PUBLIC EDUCATION PROGRAMME

  16.  Cubic would like to suggest that the Home Office considers running a country-wide education programme on the benefits the ID Card will bring to each citizen, what it will enable a citizen to do, what the process is to receive a card and other similar operational issues. Cubic suggest that this be carried out before the cards can be purchased so that UK citizen's are aware of the system, what it entails and the availability of the voluntary card offer. This will help the system to work effectively once it is running together with helping manage individual's expectations about how the ID Card can improve people's lives.

Term of Reference:

  "issues to be addressed in the longer-term, including compulsion;"

LONG TERM ISSUES

  17.  Whilst Cubic does nor perceive that its role is to comment on issues such as compulsion it does believe that there are practical and technical issues that the Government must address in the long term.

  18.  In respect of the technology deployed, Cubic would suggest that the Government adopt a strategy that will deliver a convergence into a single platform of all the database and card schemes that it operates into a single standardised platform over the initial life of the ID card scheme, thus delivering significant cost benefits in the longer term.

  19.  Cubic would also suggest that the scheme requires its suppliers to provide a monitoring and consultancy role to ensure that the Home Office system is kept abreast of technology developments, to make recommendations for future improvements and to provide on-going services such as system maintenance as necessary.

Term of Reference:

  "the estimated cost of the system."

DEFINITION OF CARD SUPPLY REQUIREMENT

  20.  In order to define costs effectively, Cubic feels that the more information about the ID Card scheme the better. With this in mind, Cubic is interested in:

    —  How quickly will the Home Office expect to be able to replace ID Cards if lost?

    —  How many ID Cards are expected to be lost on a percentage basis?

    —  What is the expected life of the cards?

    —  With continuing technological developments, how regularly does the Home Office expect to refresh the ID Card's smartcard ability?

    —  What personal details does the Home Office wish the card to convey?

    —  What personal details will be printed on the external face of the card?

    —  What personal details will be contained within the microchip and what details are expected to be held centrally?

    —  What is the Home Office view on the cost of having to reissue cards every time the information on the card face changes?

    —  When personal details change, does the Home Office favour updating the card against updating the central database?

    —  How will the cost of card supply be balanced against infrastructure and card database costs?

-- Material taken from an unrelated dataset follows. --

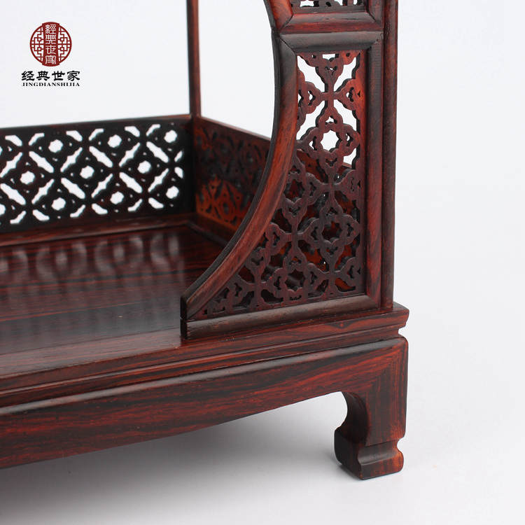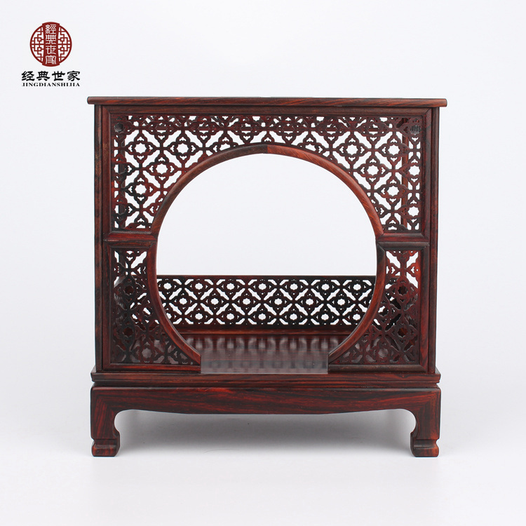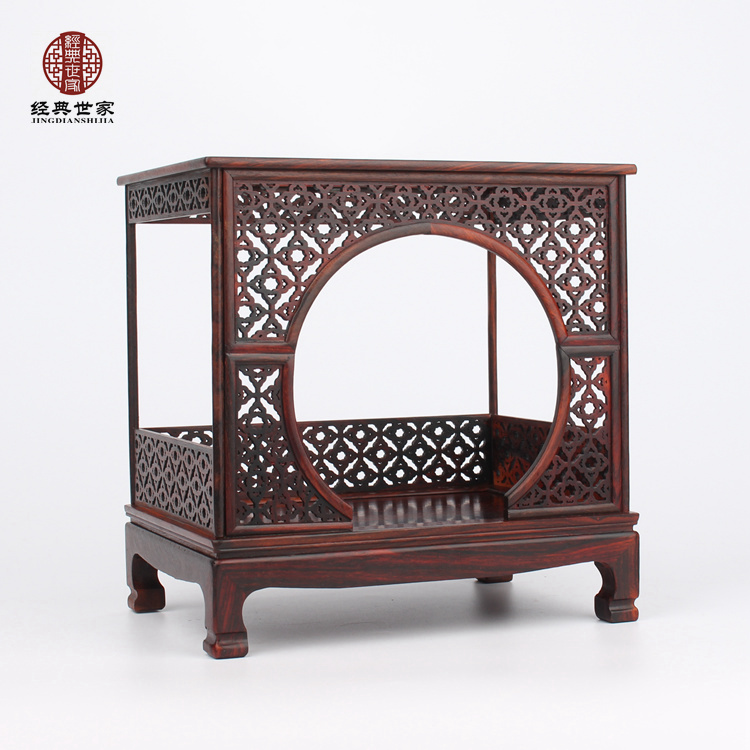 Red Wood Carved Red Acid Branches Moon Door Bed Rack Bed Red Wood Handicraft Ming and Qing antique miniature furniture models small pendulum pieces

    —  What timescale expectations does the Home Office have of delivering the card from design phase through to the initialisation stage?

  The answers to these questions will help save money and minimise excessive costs as they will nullify the cost inflation of unspecified contingency arrangements.

TYPE OF CARD SUPPLY REQUIREMENT

  21.  Together with the considerations highlighted above that will help reduce costs, Cubic strongly urge the Home Affairs Select Committee to call for a carefully defined requirement that enables open and fair commercial competition and that delivers value for money.

  22.  From industry experience, Cubic prefers a requirement that specifies the project outcome and key performance deliverables. This is based on the company's successful implementation of the largest European smartcard system under the Prestige contract for Transport for London.

  23.  A key lesson learned from this was that the requirement is best delivered if it is specific and unchanging in its objectives whilst providing bidding companies the opportunity to demonstrate their ability to provide the most competitive offer. This enabled Cubic, as part of the TranSys consortium, to deliver the OysterCard successfully. In this sense, so that companies, including Cubic, can respond to the OJEC effectively, Cubic would like to warn the Home Affairs Select Committee of the dangers of a prescriptive system requirement that stipulates a lengthy list of targets and one that is heavy in bureaucracy.